Build Custom ChatGPT Tools with MCP
End-to-end tutorial building a real-world ChatGPT tool from scratch — a product search tool that connects to an API and returns interactive widget cards.
This tutorial builds a working ChatGPT tool from scratch. We will create a product search tool that connects to a real API, returns structured data, and renders as interactive cards inside ChatGPT. Two tracks are covered: code-first with the TypeScript SDK, and visual with drio. Both produce the same result — a deployed MCP server that ChatGPT can use.
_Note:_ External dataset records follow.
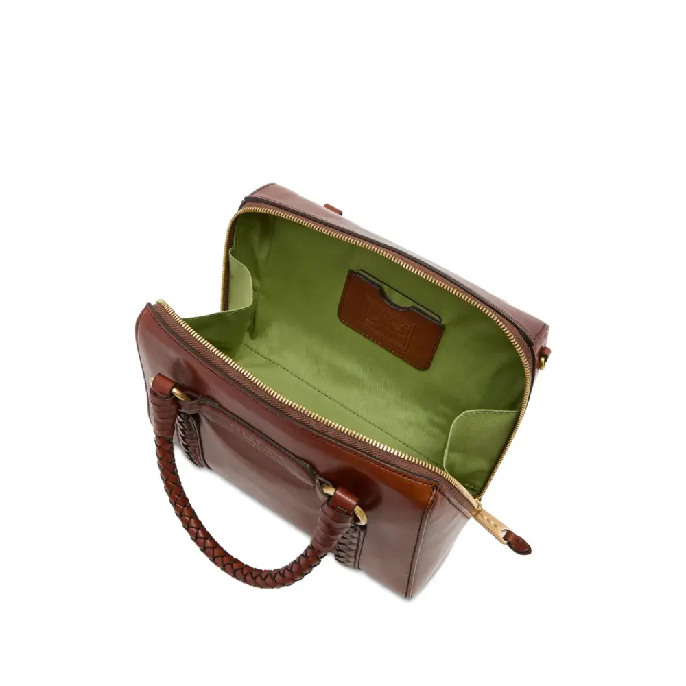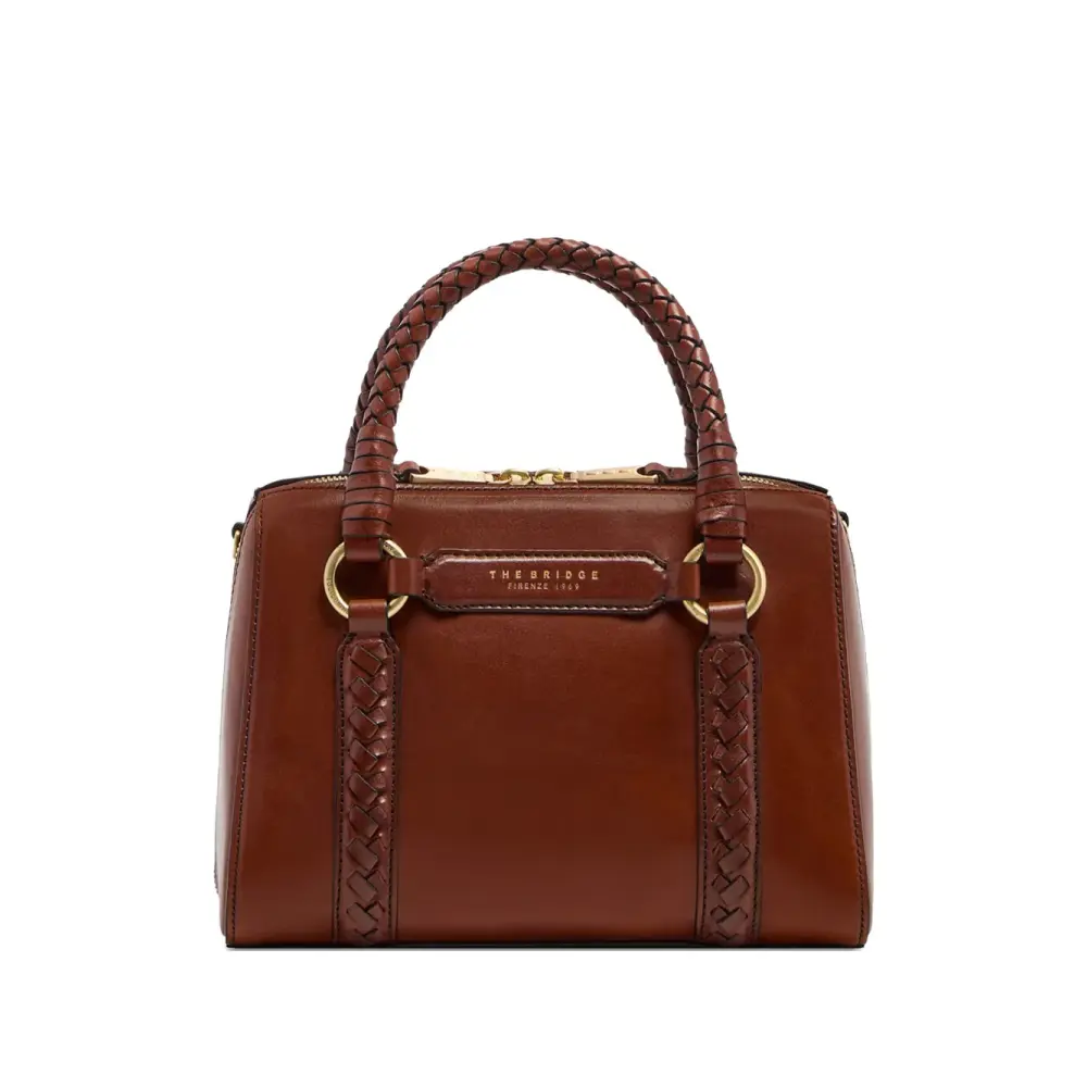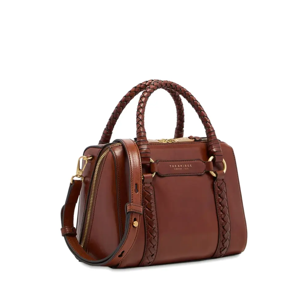 коричневая кожаная плетёная верхняя ручка, фурнитура цвета золота, верхняя застёжка на молнии, съемный плечевой ремень
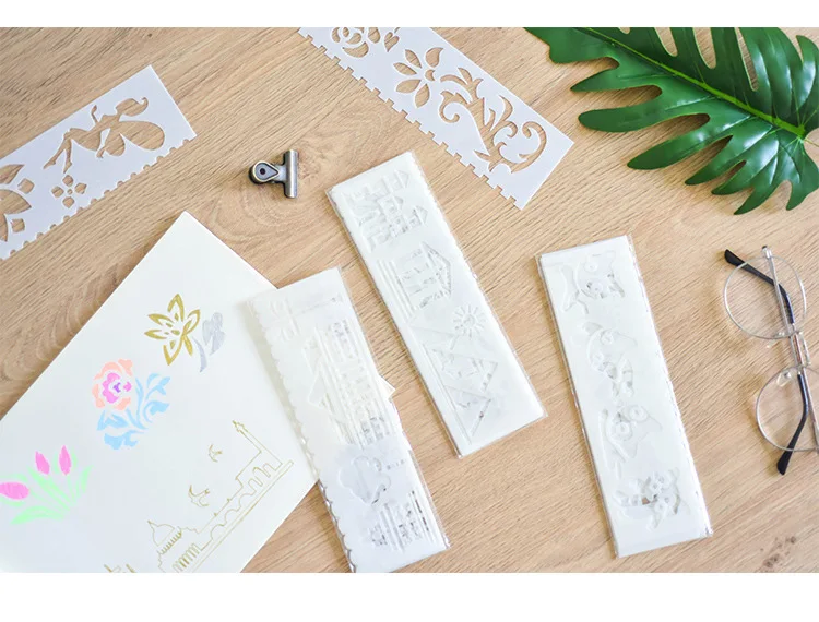 8 листов DIY инструмент для рисования пустая кружевная линейка пого...
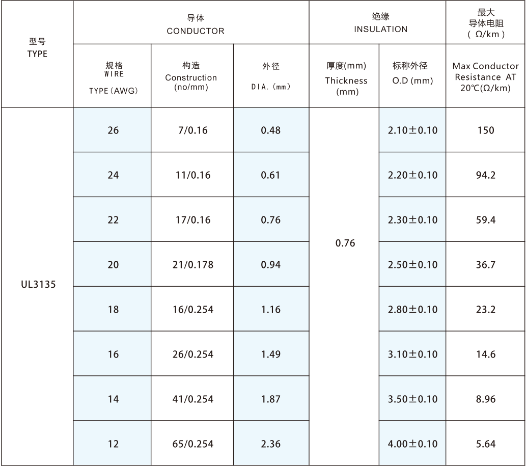 導(dǎo)體采用單根或絞合26-12AWG鍍錫或裸銅絲
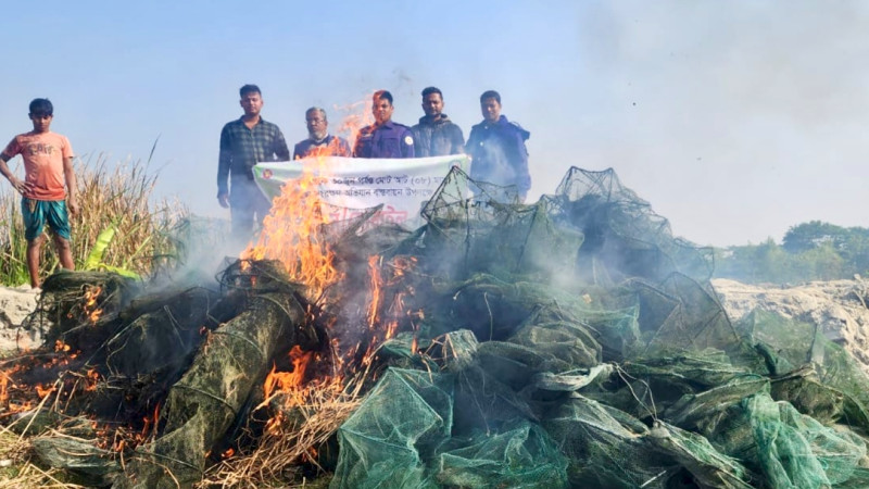 লালমোহনে দুই শতাধিক চায়না দুয়ারি জাল জব্দ
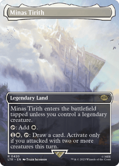 Minas Tirith enters tapped unless you control a legendary creature. {T}: Add {W}. {1}{W}, {T}: Draw a card. Activate only if you attacked with two or more creatures this turn.
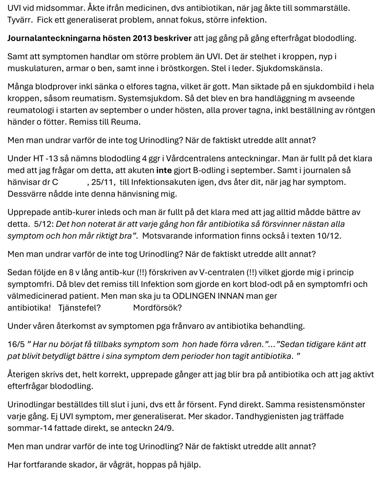 Summering av journalanteckningarna under 2013-försommaren 2014

The target audience is developers who want to build something real, not just read about the protocol. If you need the protocol fundamentals first, read What Is MCP?. If you just want to connect an existing tool to ChatGPT, see How to Add MCP Tools to ChatGPT.
What we are building
A product search tool for ChatGPT that:
- Accepts a search query and optional category filter
- Calls the PokeAPI (as a stand-in for a product catalog — free, no auth, familiar to developers)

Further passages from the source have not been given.